DiBiagio gets his wish, but maybe not the full satisfaction he might have anticipated. He has only himself to blame. Nathan Chapman does not get his wish - exoneration - and should have only himself to blame.

In the first high-profile case since DiBiagio's own recent troubles, Chapman is declared guilty of defrauding the state employee pension system, guilty of stealing from his own publicly traded company, guilty of tax fraud.

But this jury, ordered not to read newspapers or watch TV news, never knew about any internal memos. They never heard the public misgivings about DiBiagio's own integrity. And Chapman's lawyers were not allowed to tell them about it.

Last month, DiBiagio was caught being indiscreet. Memos were made public that he had sent to his assistants, urging them to produce "front page" cases, "public corruption" cases, cases in which indictments might be handed up by election week. DiBiagio denied he was putting his career before careful administration of justice, denied he was trying to manufacture cases, and denied he might be implicitly pronouncing any high-profile figures guilty until proven innocent.

But it was hard to hear his denials with his foot embedded back to his tonsils, and harder to hear him with Democrats shrieking about political witch hunts and calling for his resignation, and even harder to hear him with his own Justice Department higher-ups wondering why he might be obsessing over political corruption cases at a time their biggest priority was fighting terrorism.

Well, today DiBiagio gets his front-page story, and satisfaction descends upon the U.S. attorney's office. Nathan Chapman's case is precisely the type DiBiagio was seeking. After seven weeks of testimony and six days of jury deliberation, Chapman, 46, had his head handed to him.

Twenty-three times, the jury foreman pronounced guilty. As the slow recitation of verdicts droned on, Chapman did not move a muscle. The reading took several minutes. Chapman stared straight ahead. He seemed to be having an out-of-body experience. But not far enough to escape his worst fears.

These were complex charges, and these jurors seemed to take their work very seriously. They did not go lightly to their verdicts. And surely no one would question their sober examination of this case.

Minutes after yesterday's verdicts, as he positioned himself behind a full-length lectern dragged out to Pratt Street by a couple of his assistants, DiBiagio said Chapman "did it because he could, because he didn't think anybody could stop him." He called the crimes "a violation of trust."

Then, having rapidly dispensed with the verdicts - and perhaps anticipating questions - DiBiagio went directly to his own troubles.

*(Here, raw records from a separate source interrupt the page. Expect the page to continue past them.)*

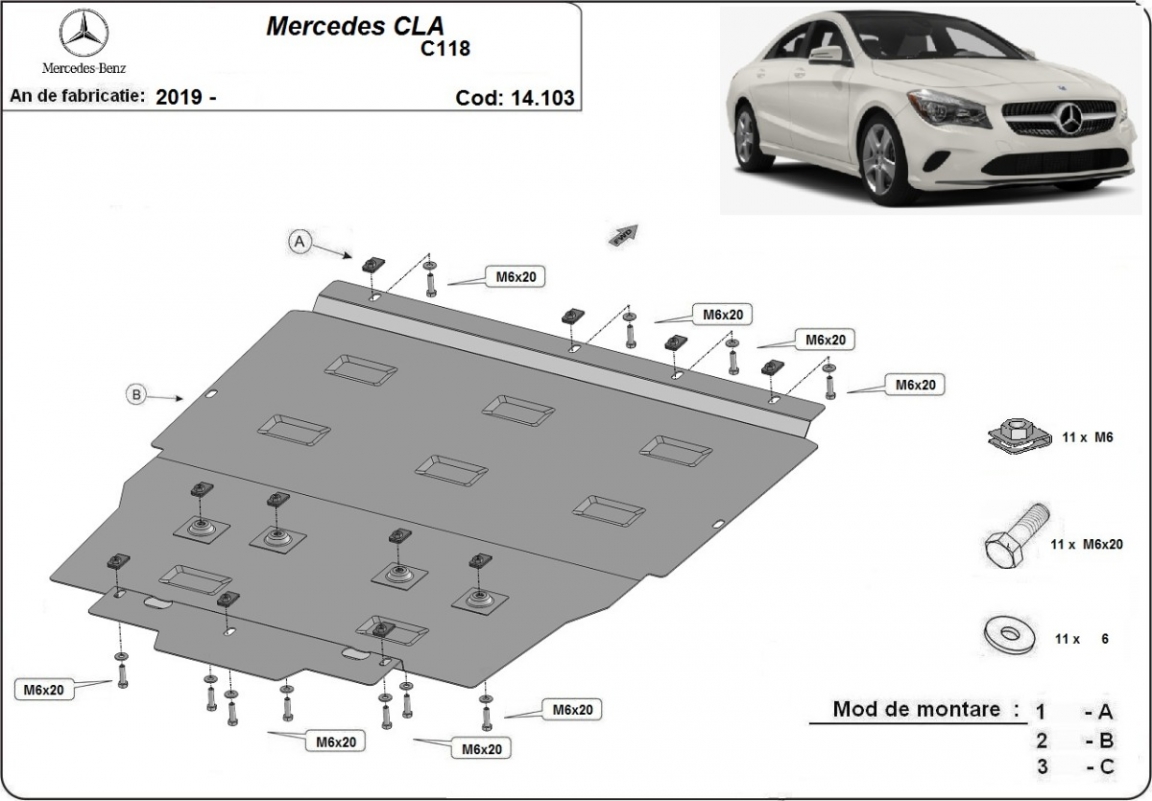 | Kryt pod motor je nová a dokonale padne pro všechny verze Mercedes CLA C118 vyrobené v letech 2019 až 2026. |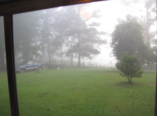 I woke up to a rather beautiful sight this morning or to me it is beautiful...a Foggy Mississippi morn. 1 sure sigh that Fall is in the air. This is the kind of morning my Momma would call a pea soup morning. The fog is so thick you could cut it with a knife. Sadly it is also a very dangerous kind of morning especially for the kids headed to Co-Lin, cause they don't realize yet how dangerous it can be, you never know what the fog is hiding untill you've run into it. And they just don't slow down, can see but still go wide open.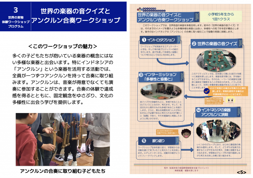 No.3 世界の楽器の音クイズとアンクルン合奏ワークショップ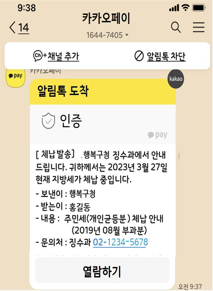알림톡을 받은 주민은 카카오페이로 본인인증 후 체납내역을 확인해 볼 수 있다.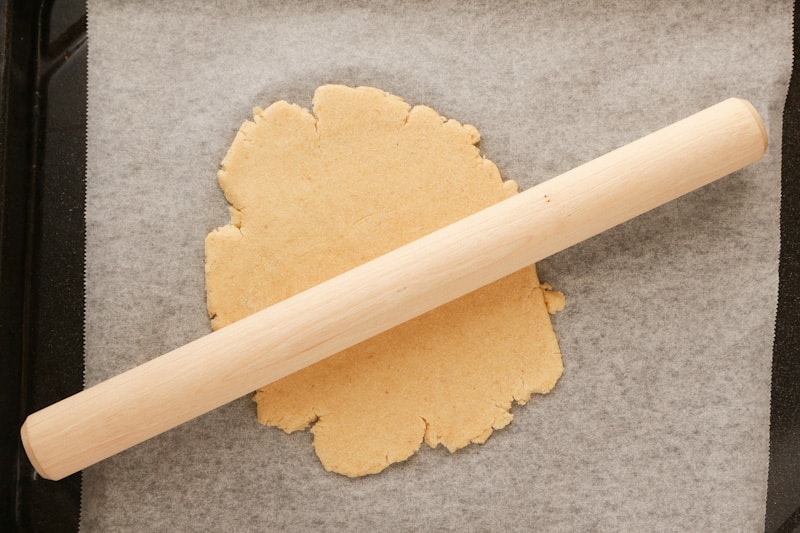 تفرد العجينة بسماكة 5 مم وتُقطّع دوائر بقطر 6 سم. تُخبز في فرن مُسخّن مسبقًا على 170°م لمدة 12–15 دقيقة، ثم تُترك لتبرد.

He said his office operated on "a single principle - justice without fear or favor." He said it sought out "abuses of trust - regardless of prestige or power." He said it was driven "not by political agenda or personal ambition."

This was nice to hear. Under ordinary circumstances, it would also be considered a given, unnecessary for any government prosecutor to declare. But DiBiagio has a problem of perception that does not so easily go away.

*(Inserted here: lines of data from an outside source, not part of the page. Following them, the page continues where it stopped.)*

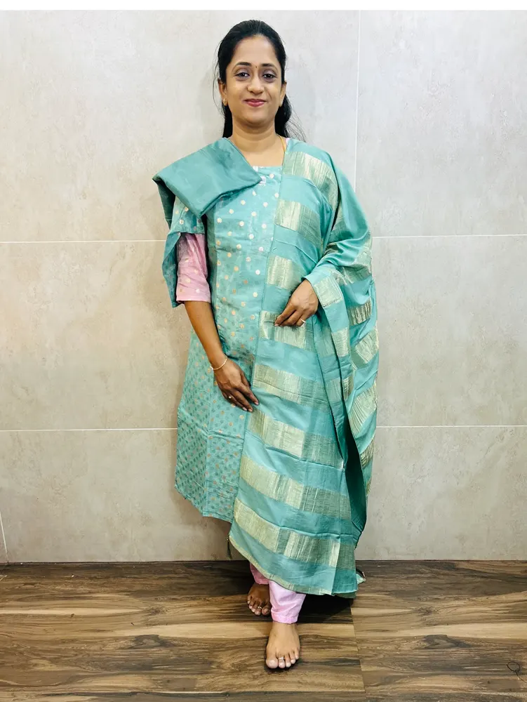 Soft tissue silk top(cotton lining) with allover jacquard and zari woven buttas paired with soft silk dupatta and silk bottom(free size)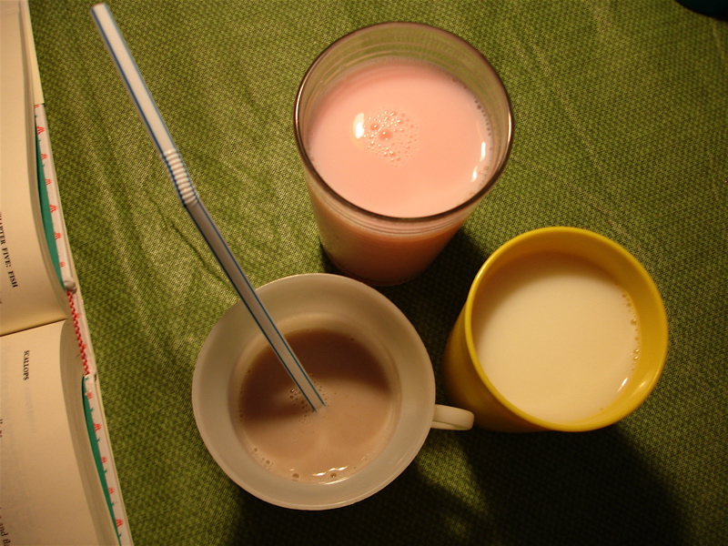 Last night I asked “what do you want to drink for dinner?” Bea requested chocolate milk. Then Brian chimed in and said he would like pink milk. I played the adult and had white milk. How many 34 year old men drink pink milk so enthusiastically?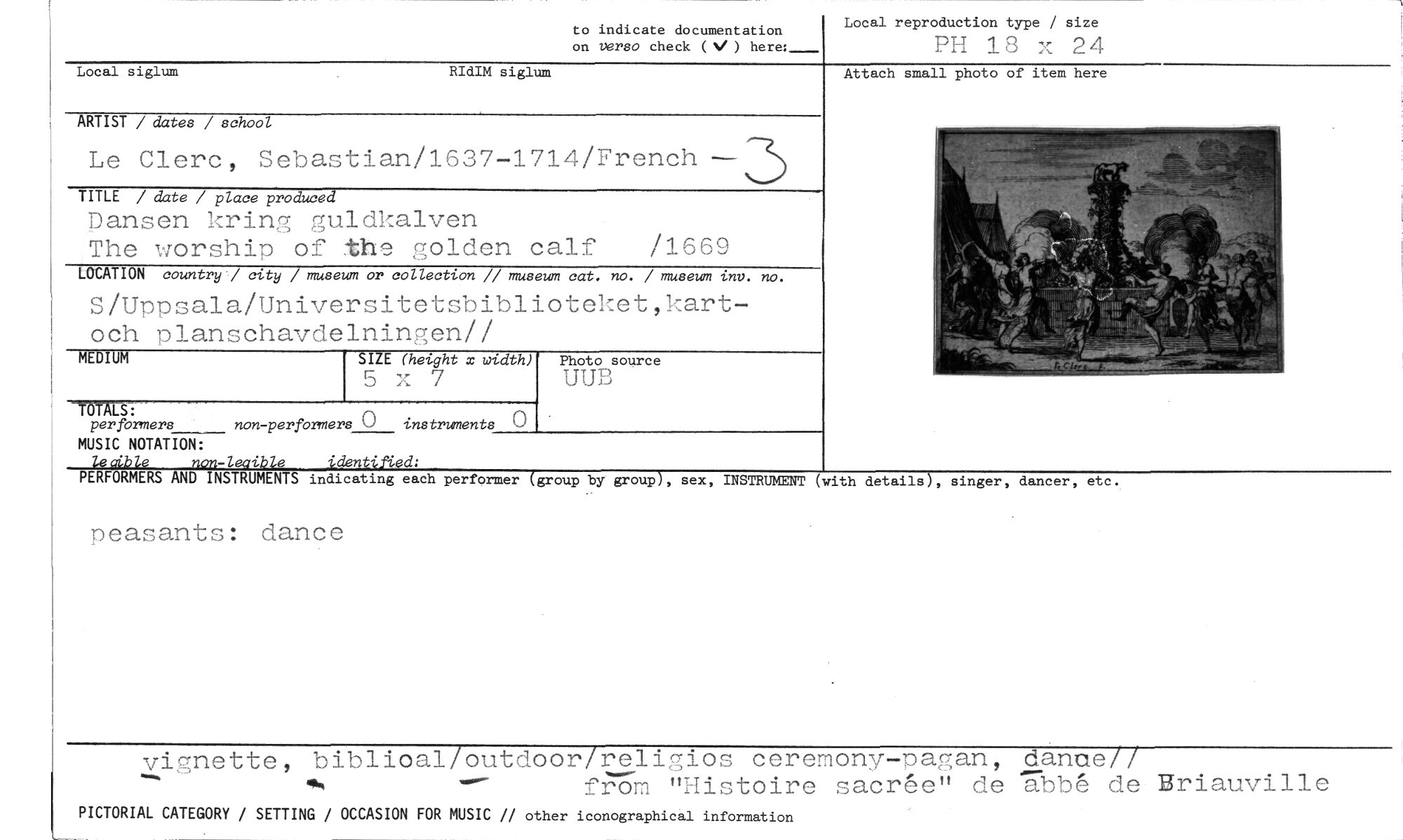 //// to indicate documentation //// on verso check (V ) here: //// Local reproduction type / size //// PI-1 18 x 24 //// ARTIST / dates / school //// Le Clerc, Sebastian/1637-1714/French //// TITLE / date / place produced //// pansen kring guldkalven //// The worship of the golden calf /1669 //// LOCATION country / city / museum or collection // museum cat. no. / museum inv. no. //// S/Uppsala/Universitetsbiblioteket,kartoch planschavdelningen// //// SIZE (height x width) //// 5 x 7 //// MEDIUM //// photo source //// UUB //// Attach small photo of item here //// Local siglum //// RIdIM siglum //// -MÄLS: //// .) //// per formers non-performers 0 instrzonents //// MUSIC NOTATION: //// non-leaible identified: //// PERFORMERS AND INSTRUMENTS indicating each performer (group by group), sex, INSTRUMENT (with details), singer, dancer, etc. //// peasants: dance //// vignette, biblioal/outdoor/religios ceremony-pagan, danue// - //// fT7'"ö'm "Histoire sacr6e" de -gbb6 de Briauville //// PICTORIAL CATEGORY / SETTING / OCCASION FOR MUSIC // other iconographical information ////

As for Chapman, the verdicts raise an old question: When is lots and lots of money enough?

Among the guilty verdicts: that Chapman used about $5 million in state pension money to prop up his company - a company, according to defense attorney William "Billy" Martin, in which Chapman owned 60 percent of stock valued at nearly $50 million.

In his opening statement, Martin took pains to describe Chapman as a great success story, an African-American child of working parents who overcame long odds to win great wealth and power and political connections.

After yesterday's guilty verdicts, Chapman disappeared quickly from the courtroom. But DiBiagio's news conference, out on Pratt Street, was held in the very shadow of a statue - of the late U.S. Supreme Court Justice Thurgood Marshall, one of the country's great civil rights pioneers.

Marshall's face was turned away from the nearby proceedings. It was as if he were unwilling to witness the tragedy of Nathan Chapman. Or unhappy to linger over the troubling language of Thomas DiBiagio.